Sivell has been charged with having and distributing a copy of the video. He appeared at Taupō District Court in August 2024 and refused to make a plea. The judge deemed his plea to be not guilty.

He next appeared on 30 October and requested a jury trial. (Between these appearances, Sivell was convicted in Tauranga on charges of threatening to kill.) Because Taupō doesn't hold jury trials the case was moved to Rotorua, where he failed to appear on 11 December 2024. An arrest warrant was duly issued and he attended court on 17 December.

Refusing the help of a duty lawyer, Sivell was told that his next appearance would be on 5 March 2025 and released on bail.

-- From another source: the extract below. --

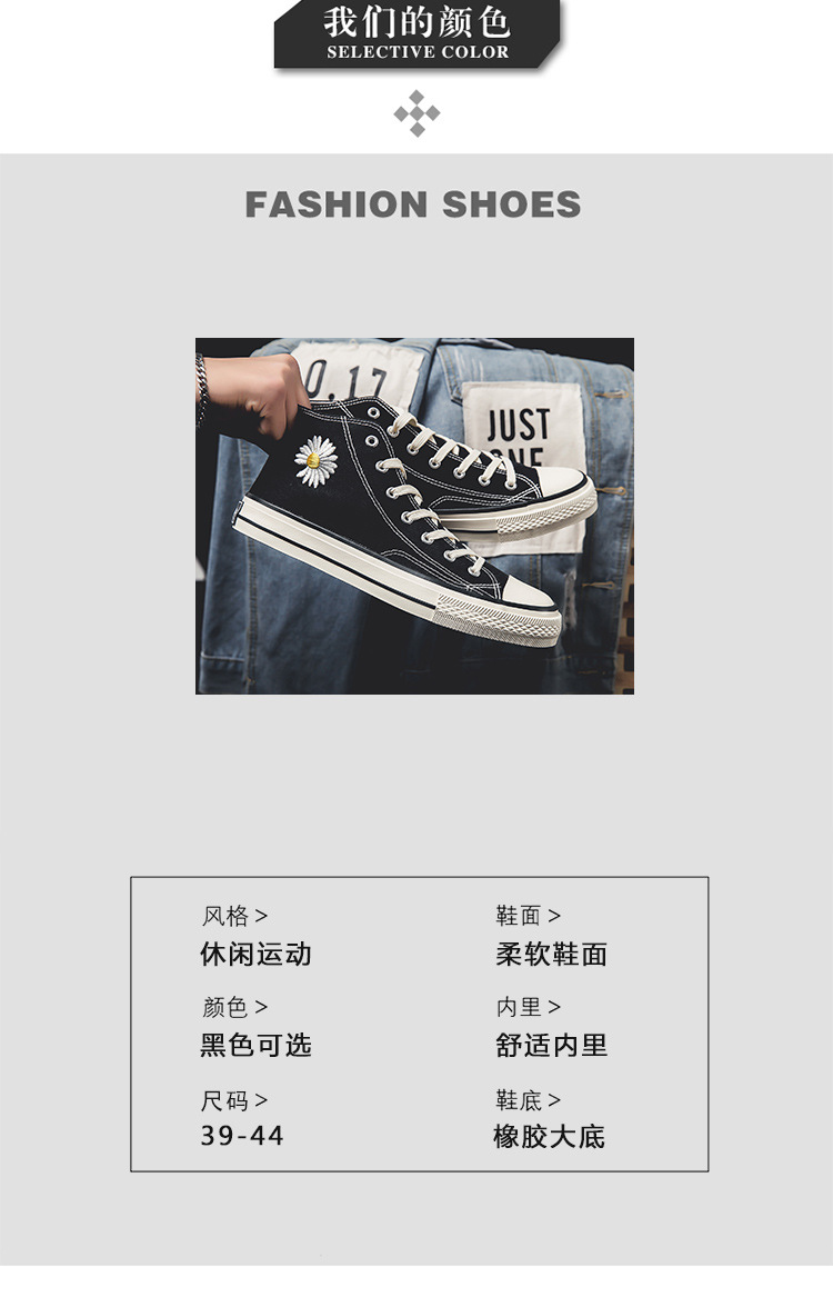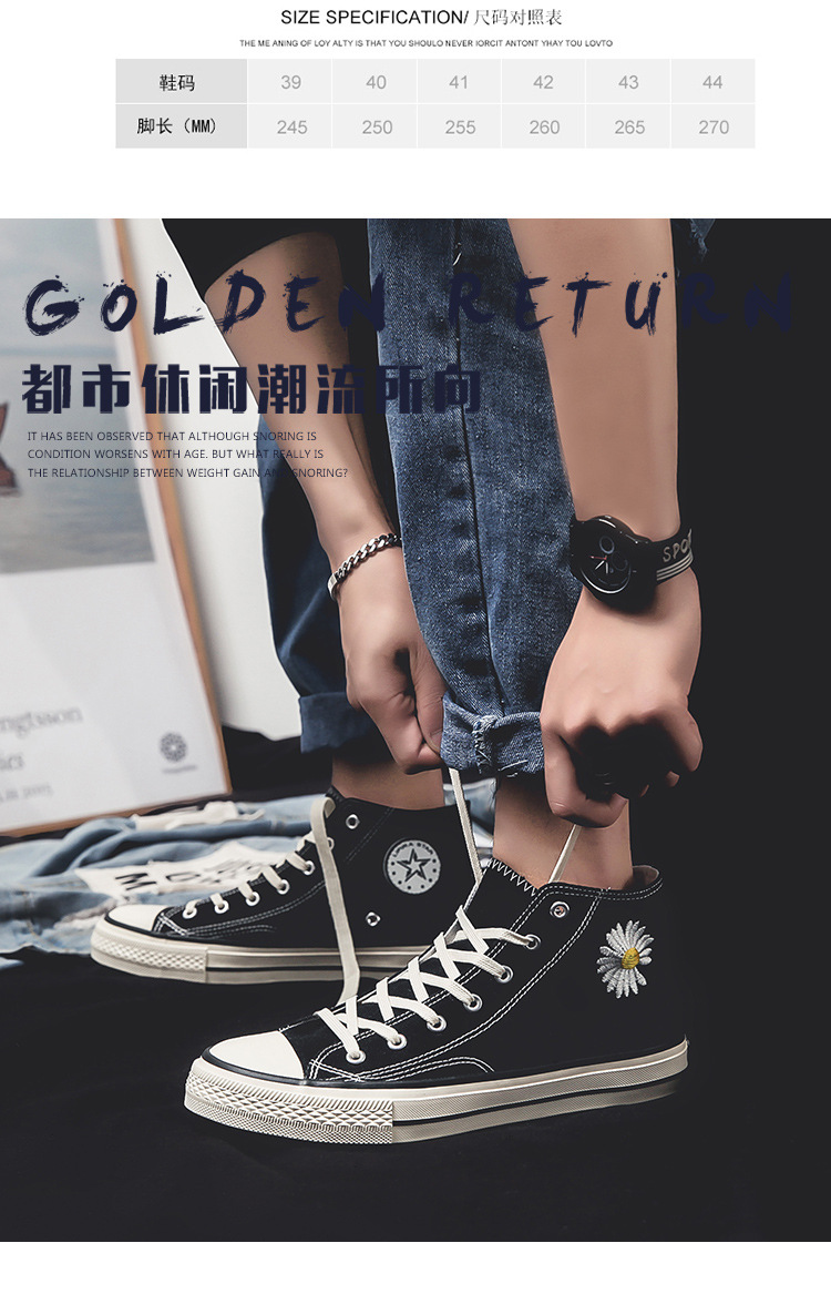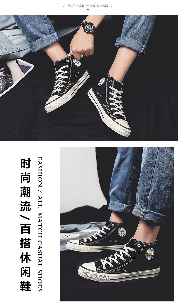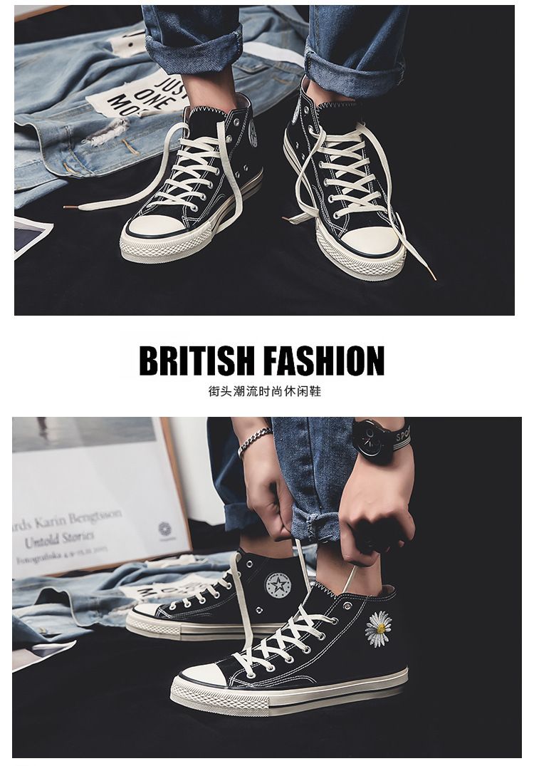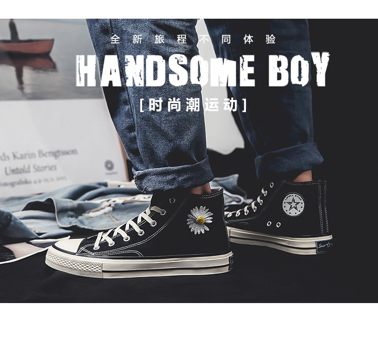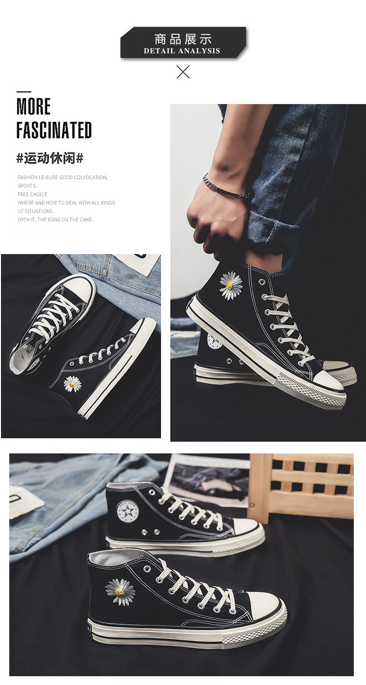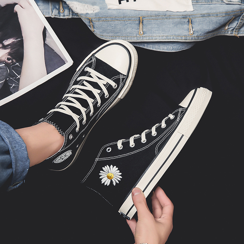Весенне-летняя новая обувь 2022 года для пар, парусиновые туфли с высоким берцем и ромашками в Корейском стиле, мужские и женские модные студенческие кроссовки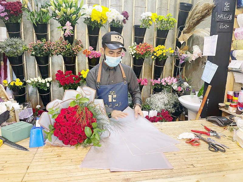 في «يوم الحب» غمرت الورود الحمراء متاجر الهدايا.. وفي الصورة بائع زهور في جدة يُعد باقة من الشذى والعطر.

The judge warned that any further breaches or failures to appear would lead to Sivell being held in custody.

== Self-representation and "sovereign citizen" arguments==

Sivell has represented himself in court and used arguments drawn from the widely debunked sovereign citizen movement to deny that the court had jurisdiction over him. Judge Paul Geoghegan, in June 2024, and Judge Christopher Harding, that October, both dismissed Sivell's arguments as "gobbledegook". At his sentencing in July 2025, the judge said that documents filed by Sivell contained "pseudo legalise nonsense".

In his October 2024 trial for possessing the mosque shooting video, where Sivell again represented himself, he claimed a "right of subjugation" before being told by the Judge that "the right to subjugation does not exist in New Zealand when it comes to criminal law". When asked for his plea, Sivell said, "I require a sureties, bonds, denominations". He was cut off and taken to have pled not guilty. At his appearance on 17 December the court's duty lawyer informed the court that, "he’s a sovereign citizen...I’m an agent of the Crown, he was very pleasant but he doesn’t want any help.”

In another sovereign citizen-style assertion, Sivell invoked arcane law in claiming "allodial title" over a small public building near Te Puke.

==Involvement in New Zealand's conspiracy culture==
In 2020 Sivell, who was working in Tīrau, received a warning from Police after distributing flyers that described South Waikato District Councillor Peter Schulte, who had fled East Germany in the 1980s, as a "Nazi". He also texted Schulte to say, "I'm coming for you Peter [...] watch the wrath of God fall upon you." Sivell's harassment of Schulte escalated from a dispute over whether the council was responsible for repairing potholes in a driveway.

He was a regular voice on Counterspin's Telegram channel, and commonly invoked the Nuremberg code in relation to politicians and law enforcement. He spread COVID-19 misinformation, 5G misinformation, and homophobia.

Sivell participated in the 2022 Wellington protest, which occurred the month before he was first arrest for making death threats.